It Starts with Trouble
William Goyen and the Life of Writing
-
- $24.99
-
- $24.99
Publisher Description
William Goyen was a writer of startling originality and deep artistic commitment whose work attracted an international audience and the praise of such luminaries as Northrop Frye, Truman Capote, Gaston Bachelard, and Joyce Carol Oates. His subject was the land and language of his native East Texas; his desire, to preserve the narrative music through which he came to know his world. Goyen sought to transform the cherished details of his lost boyhood landscape into lasting, mythic forms. Cut off from his native soil and considering himself an “orphan,” Goyen brought modernist alienation and experimentation to Texas materials. The result was a body of work both sophisticated and handmade—and a voice at once inimitable and unmistakable.
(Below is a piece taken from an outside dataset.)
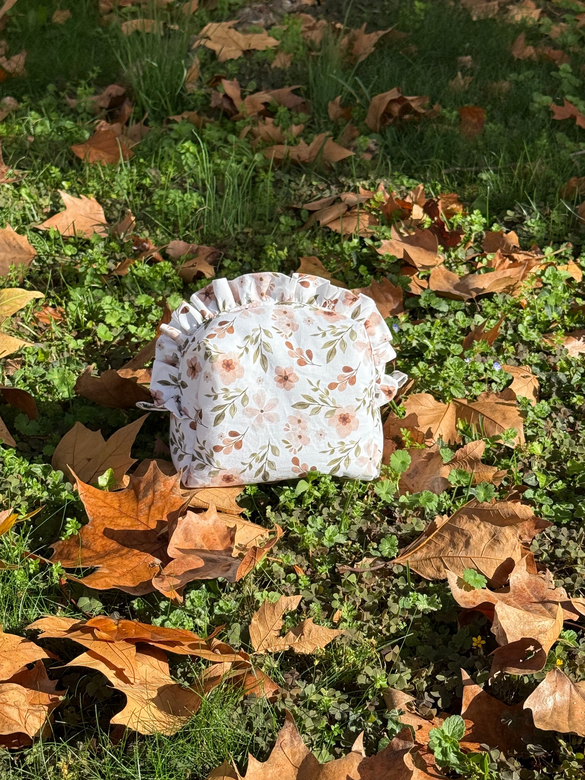 Apportez une touche d’élégance et de raffinement à votre quotidien avec cette trousse de toilette en coton délicat et fleuri avec volant . Idéale pour ranger vos essentiels de beauté ou de voyage avec style.
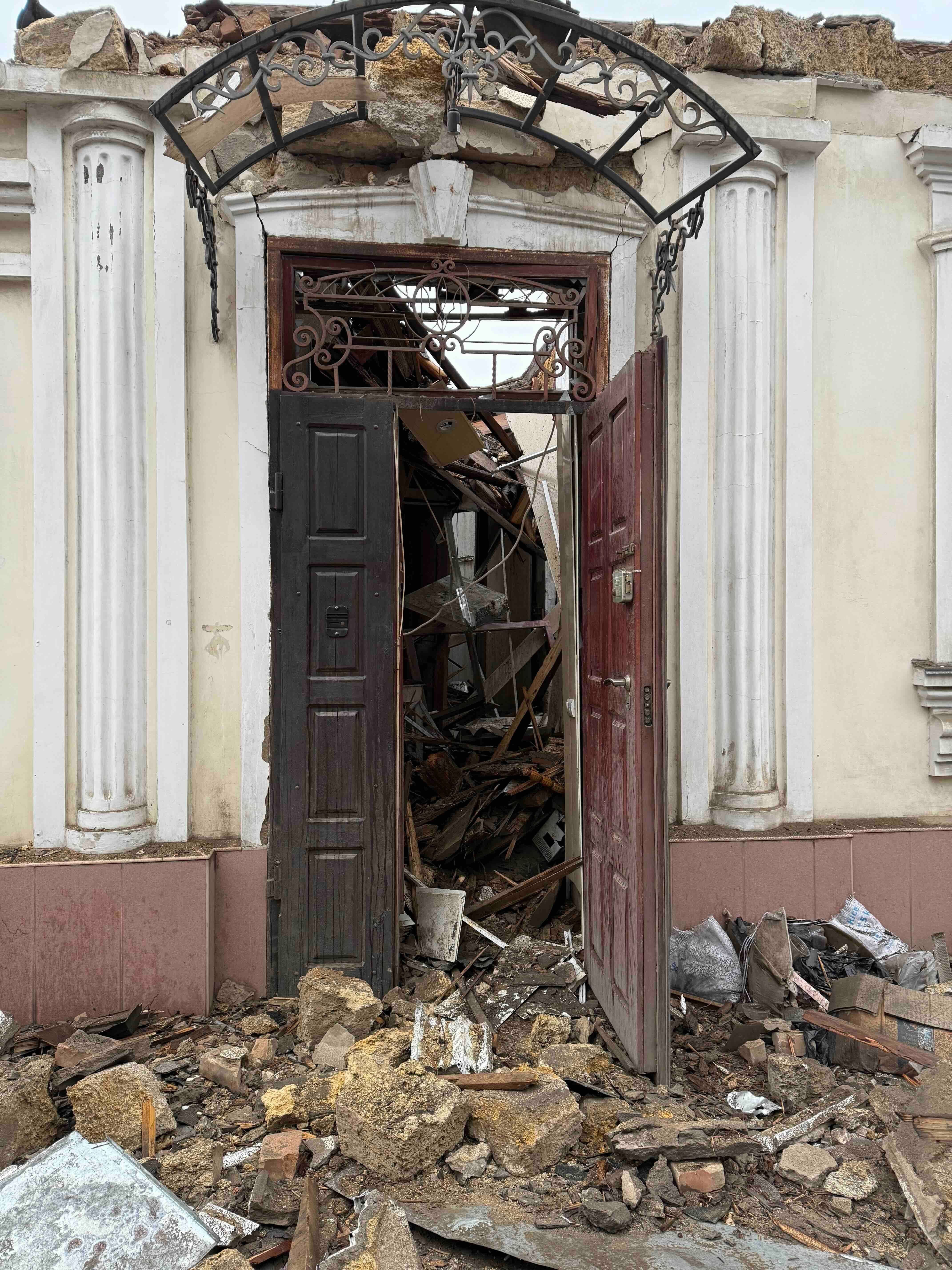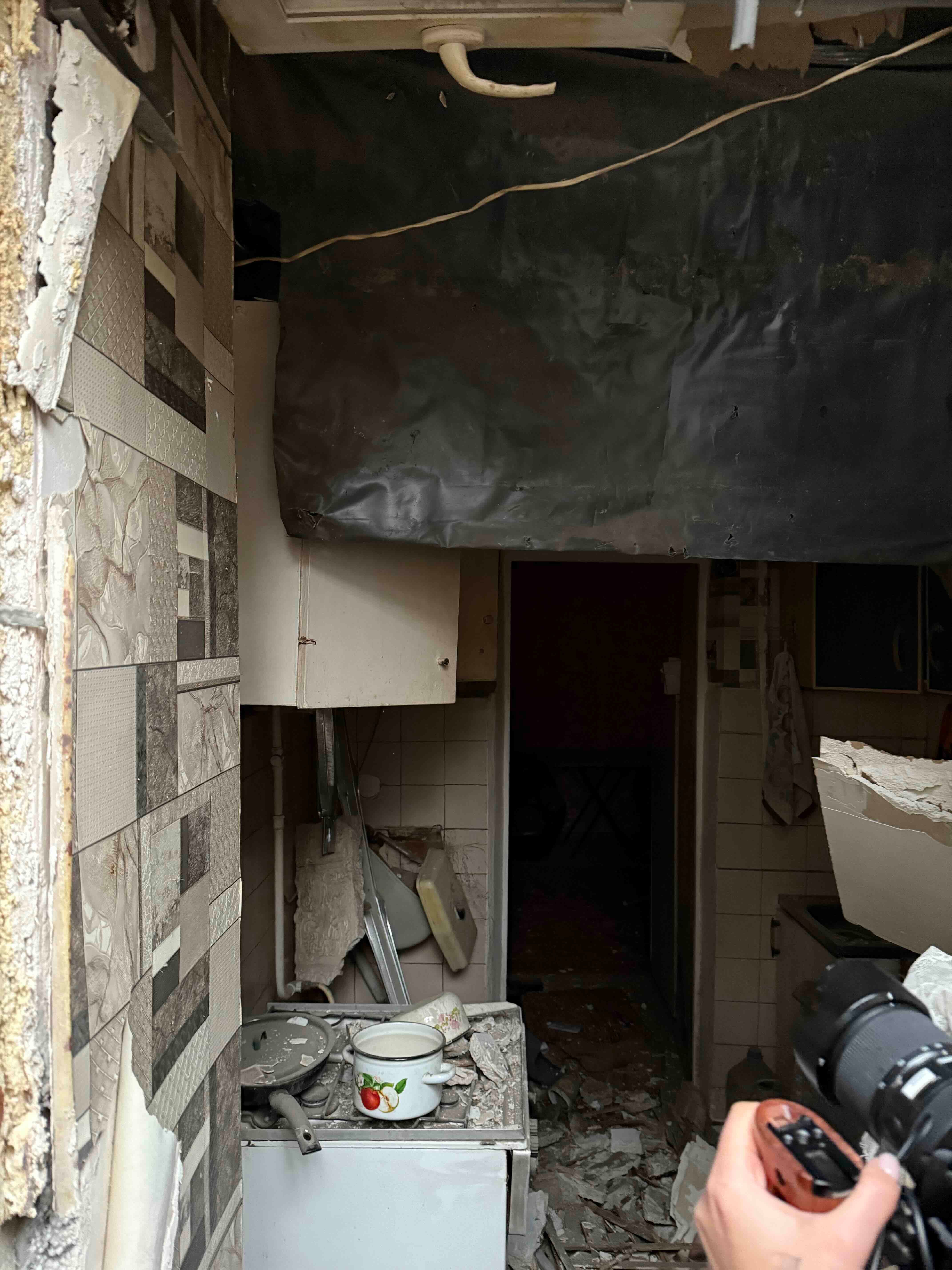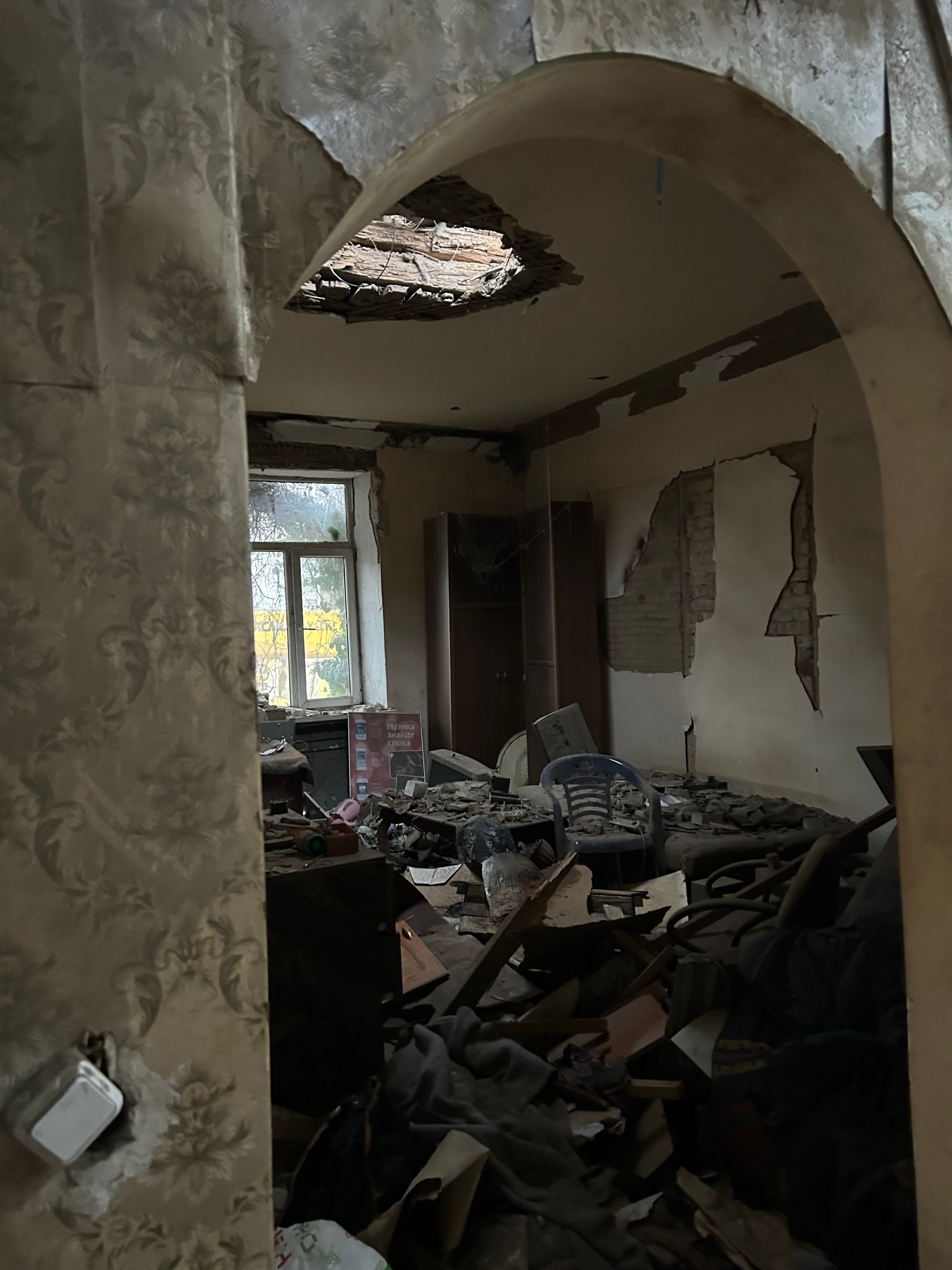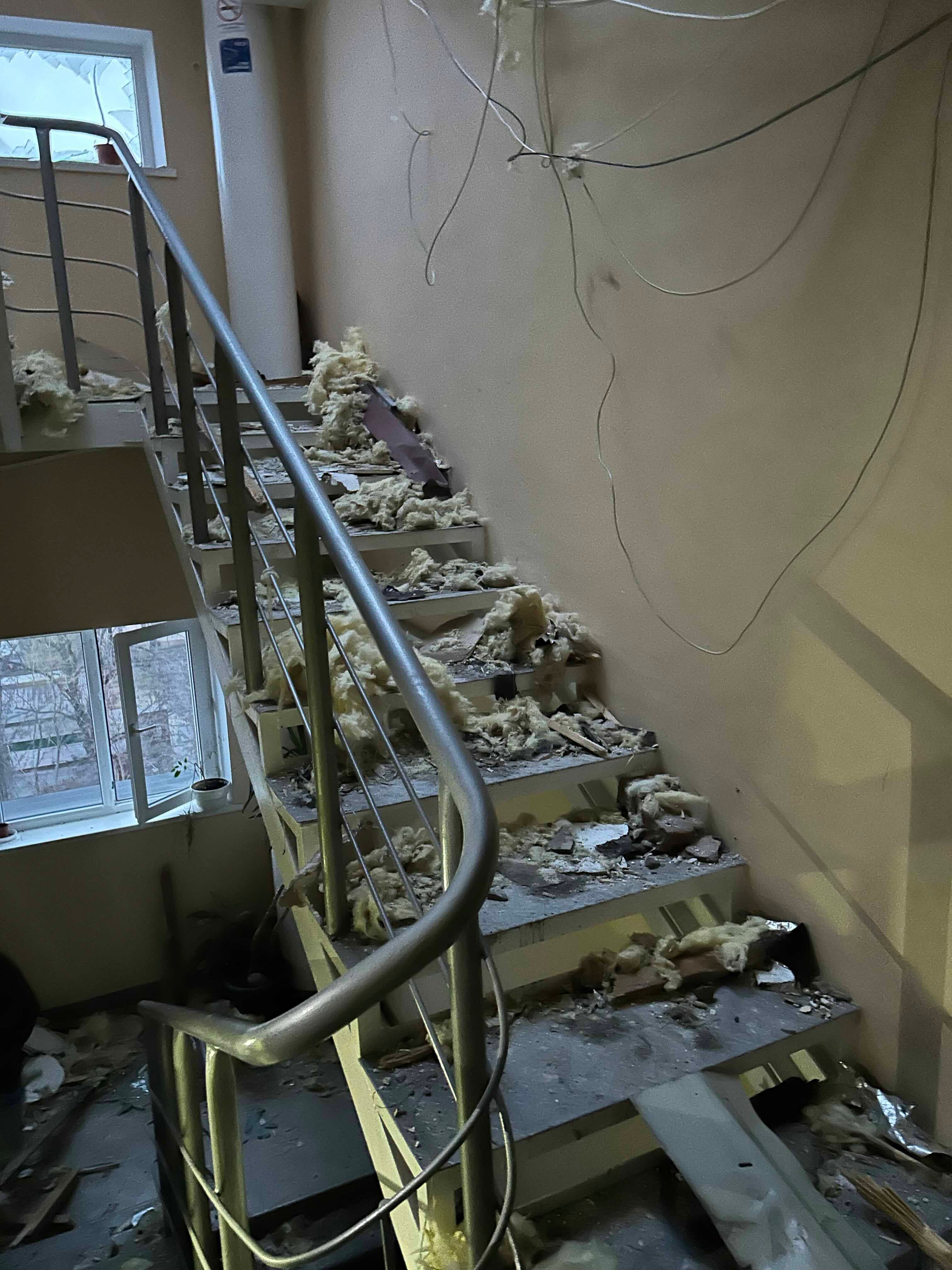26 января 2025 года миссия посетила улицу Литовченко. Даже год спустя после ракетного удара были хорошо видны его последствия.

It Starts with Trouble is the first complete account of Goyen’s life and work. It uncovers the sources of his personal and artistic development, from his early years in Trinity, Texas, through his adolescence and college experience in Houston; his Navy service during World War II; and the subsequent growth of his writing career, which saw the publication of five novels, including The House of Breath, nonfiction works such as A Book of Jesus, several short story collections and plays, and a book of poetry. It explores Goyen’s relationships with such legendary figures as Frieda Lawrence, Katherine Anne Porter, Stephen Spender, Anaïs Nin, and Carson McCullers. No other twentieth-century writer attempted so intimate a connection with his readers, and no other writer of his era worked so passionately to recover the spiritual in an age of disabling irony. Goyen’s life and work are a testament to the redemptive power of storytelling and the absolute necessity of narrative art.
PUBLISHERS WEEKLY
In this stellar biography, Davis (After the Whale) deftly examines the life of a complex and overlooked figure in the history of American literature. William Goyen emerged from smalltown East Texas and the WWII-era Navy to write the sort of lush, dreamlike prose more commonly associated with European writers than the Americans of the postwar period. Harnessing extensive archival research and new interviews, Davis stakes out the boundaries of Goyen's involvement with the literary community and his evolution as an artist. Throughout, Davis expertly weaves in literary criticism of Goyen's masterpiece, the novel The House of Breath, and his other fiction, which in combination reveal the urgency of his search for place and identity. Goyen found refuge from his outsider status in friendships with luminaries like Frieda Lawrence, Stephen Spender, Ana s Nin, and Katherine Anne Porter. After moving around the country and living with several men, Goyen married actress Doris Roberts in 1963, taking a job at McGraw-Hill to pay for the domestic life he had avoided for so long. Nonetheless, Goyen kept writing, continuing to produce stories, poems, novels, and plays until shortly before his death in 1983. This lively and enlightening biography will resurrect Goyen's brilliant writing for a new generation of readers. 19 b&w photos.